两人的营寨中虽然都有四万兵马,但问题是这四万兵马几乎都是手无寸铁的士卒,几乎所有人拿着的都是棍棒木矛,这样的两座寨子能有多少防御力?
所以徐荣自己也认为有一万精兵的话很快就能攻破营寨,若是顺利一点,甚至不用半天。
只可惜,高览和麴义立功心切已经先他一步了。
徐荣身为降将这时候的地位就体现出来了,两个军中元老抢功,他除了看两眼以外根本不敢上去争抢。
对于高览麴义两人的主动请缨潘凤倒是乐得见到。
孙轻王当两人扎下的营寨潘凤在哨骑探查周边的时候就去实地看过了,确实是纸老虎而已。
这样的门牙,不给他拔得干干净净怎么对得起张燕送的大礼?
想到这里,潘凤当即下令让高览和麴义各帅一万兵马进攻两处,而他自己带着剩下的兵马坐镇中部,一旦哪处陷入僵局,他必定第一时间带人过去。
命令下达后,大军并没有第一时间开拨,毕竟是刚刚经过四天的赶路,麾下士卒还没有回复元气,所以潘凤打算休整两日,然后再强攻营寨,这两天也正好多铸造一些攻寨利器,到时候士卒们也能少些牺牲。
此时的孙轻王当等人还不清楚潘凤已经看透了他们的虚实甚至都准备对两处营寨发起强攻了。
在两人看到潘凤大军毕竟河内后只是驻扎在原地没有动静,心里一下子就松了下去。
他们以为这是潘凤束手无策了,纷纷夸奖张燕的明智之举。
然而,还没等他们开心两天,潘凤的冀州大军就突然分兵两处开始攻打营寨了。
孙轻和王当听到敌军打来的消息时还没从昨夜的宿醉中醒过来,两人虽然身处两个营寨,但多年的好友让他们的生活习惯极其相似,在得知潘凤大军按兵不动后两人的酒瘾就犯了起来。
在两人看来,潘凤按兵不动就说明近期是不会有战斗发生,所以晚上喝点酒助助眠有何不可?
这种想法直到亲卫将他们从醉酒状态中叫醒这才瞬间瓦解。
“什么!潘凤的大军杀过来了?什么时候的事!”孙轻领着亲卫的衣领怒声问道,此时他的耳边已经传来了隐约的喊杀声。
“将军,就在刚刚,此刻高览正率领着大军在攻打寨门,弟兄们手无寸铁已经损失惨重了!”亲卫的声音带着颤音,显然被营门处的战斗给吓着了。
孙轻一把推开亲卫,顾不得理会是从递来的衣甲直接提着佩剑就冲了出去。
来到帐外,喊杀声瞬间清晰,远远看去,营门处浓烟滚滚,显然是冀州军在用火攻!
营门不能被破,否则失去营寨优势的大军就再也抵挡不住冀州军的脚步了!
“传我命令,所有人都给我去守营寨,胆敢有后退者,立斩不赦!”孙轻几乎用出了自己所有的力气来下这道命令。
此刻的他脑海中只有一个念头,那就是守住营门!
有了孙轻的命令,营地内正在乱跑的士卒们逐渐有了方向,他们开始有目的地往营门方向聚集过去,显然,以孙轻营地内的四万大军想要堵住一个小小的营门那是轻而易举的。
此时的营门处已经成了一处血肉磨坊,冀州军与黑山军在这里展开了最激烈的交锋。
因为缺少弓箭等有效的守城武器,所以黑山军能够阻挡冀州军的嘴有效方法就是利用自己的性命和手中的木矛。

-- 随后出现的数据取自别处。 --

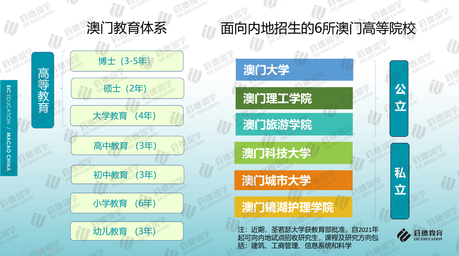 作為中西文化交匯的國際旅游城市,中國澳門的輕工業(yè)、旅游業(yè)、酒店業(yè)和娛樂場使其成為中外游客青睞的旅游度假勝地。澳門與香港同樣都具有獨(dú)特的地緣優(yōu)勢,既有中國文化的根基,又融會貫通了歐美教育的優(yōu)勢,中文、葡文、英文學(xué)制并存的多語言教學(xué)與多元文化交融的國際化環(huán)境,為學(xué)生提供了開闊的國際視野和學(xué)術(shù)氛圍,也為當(dāng)?shù)馗叩冉逃陌l(fā)展創(chuàng)造了良好的條件。目前,澳門大學(xué)、澳門理工學(xué)院、澳門旅游學(xué)院、澳門城市大學(xué)、澳門鏡湖護(hù)理學(xué)院、澳門科技大學(xué)等6所高校獲教育部批準(zhǔn)可面向內(nèi)地招收本科生及研究生,圣若瑟大學(xué)獲教育部批準(zhǔn)自2021年起可面向內(nèi)地試點(diǎn)招收研究生。
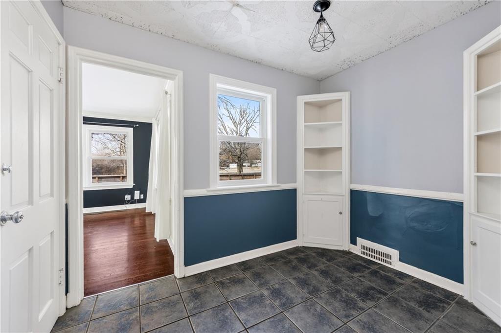 This charming 2-story home built in 1940 exudes character, blending historic details with thoughtful modern updates. The inviting, picturesque front porch welcomes you into a spacious family room filled with natural light, featuring a wood-burning fireplace, built-in bookshelves, and access to an enclosed side porch. A large formal dining room offers the perfect setting for gatherings, while the updated kitchen impresses with granite countertops, stainless steel appliances, soft-close cabinets and drawers, and a pantry. A cozy eat-in breakfast nook with built-ins adds even more charm. Gorgeous hardwood flooring, textured ceilings, and updated light fixtures run throughout. The primary bedroom features double closets, a full bath, and access to the roof deck. Secondary bedrooms are generous in size with ample closet space. The finished lower level offers a fun, spacious rec room complete with a wet bar and built-ins—ideal for entertaining or relaxing. Enjoy outdoor living in the manicured, fenced backyard with a patio and stone paver walkway. The expanded 2-car garage provides extra space, plus there’s an extra-wide private driveway. Major updates include roof, furnace, hot water heater, Hardie Board siding, Andersen thermal windows, and more. Prime location with convenient access to The Country Club Plaza, Brookside, and all the amenities you love. Don’t miss this one—it’s full of charm, space, and style!
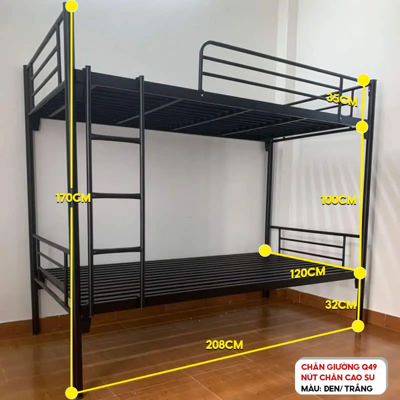 Giường sắt 2 tầng kích thước Cao 1.7m x Dài 2m x Rộng 1.2m
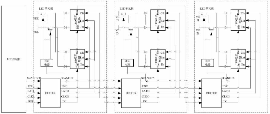 LED 控製板與LED 單元板構成的LED 顯示係統的主體,如圖1 所示。其中,LED 單元板包括了增強信號驅動能力的BUFFER 電路、產生動態顯示掃描時序的譯碼電路、若幹個開關管和若幹個LED 驅動電路。其通信過程為:LED 控製板發出的通信信號依次經過各串接的LED 單元板的BUFFER 電路進行驅動增強;各LED 單元板中經BUFFER 電路增強後的掃描信號(SCANO)提供給本LED 單元板的譯碼電路,譯碼電路譯碼產生動態顯示掃描時序控製開關管;各LED 單元板中經BUFFER 電路增強後的使能信號(ENO)、鎖存信號(LATO)、時鍾信號(CLKO)分別提供給本LED 單元板中所有LED 驅動電路。

被挤在最前排的黑山士卒们为了活命,不得不用自身的老旧装备与冀州军的精良装备短兵相接,在这个过程中,很多黑山士卒的木矛都被冀州士卒的兵刃斩断,木矛断了之后便是项上人头了。
营门处不断有人倒下,其中绝大部分都是那些身无片甲的黑山士卒,他们被后面的人挤着,不得不用自己的身体挡住冀州军前进的脚步。
在大军后方,负责指挥的高览眉头大皱。
他已经看出了孙轻营寨的实力,现在之所以还能坚持不让冀州军攻进去主要还是那些黑山士卒用性命堵住了营门,否则以黑山军的这种损耗速度,冀州军早就冲入营中了。
不过这样一来高览夸下的半日海口就有可能要失约了。
四万黑山军不是四万头猪,这群人如果一直聚集在营门处拼杀,那么他们的总体损耗速度其实是很有限的,至少高览不能在半日内在营门处杀光所有黑山士卒。
既然营门不行,那就只能从旁边想办法了,于是高览就想到了火攻。
营门两侧的栅栏一本情况下是难以翻越的更不要说现在栅栏内聚集了那么多人的情况下,有鉴于此,高览直接让人不停地对着营门两侧的栅栏射箭,而且都是那种绑了引火之物的火箭。
因为畏惧箭矢,所以很多黑山军宁可看着栅栏在引火之物的作用下逐渐燃烧,也不敢冒着生命危险上去清理那些插在木桩上的火箭。
当火箭的数量积累到一定程度后营门两侧的栅栏也逐渐燃烧了起来,这便是孙轻在帐外看到的滚滚浓烟。
此刻,在孙轻的指挥下大量黑山军都涌向了营门方向,而营地其他地方的防御也随着人群的调动变得薄弱起来。
这时候黑山军的另一个劣势也暴露了出来,那就是纪律!
人一旦多了,纪律就会变差,这一点在黑山军身上体现的淋漓尽致。
那些从后面涌上来的士卒根本不管前面的友军打得怎么样了,他们只知道用力往前推就行了,也不管友军死不死,反正他往死里推。
这一两个人这样倒没什么,但一群人都这样问题就大了。
营门只有这么小一个地方,它容纳得了数十名黑山军同时进出却容纳不了数百上千黑山军一同拥挤。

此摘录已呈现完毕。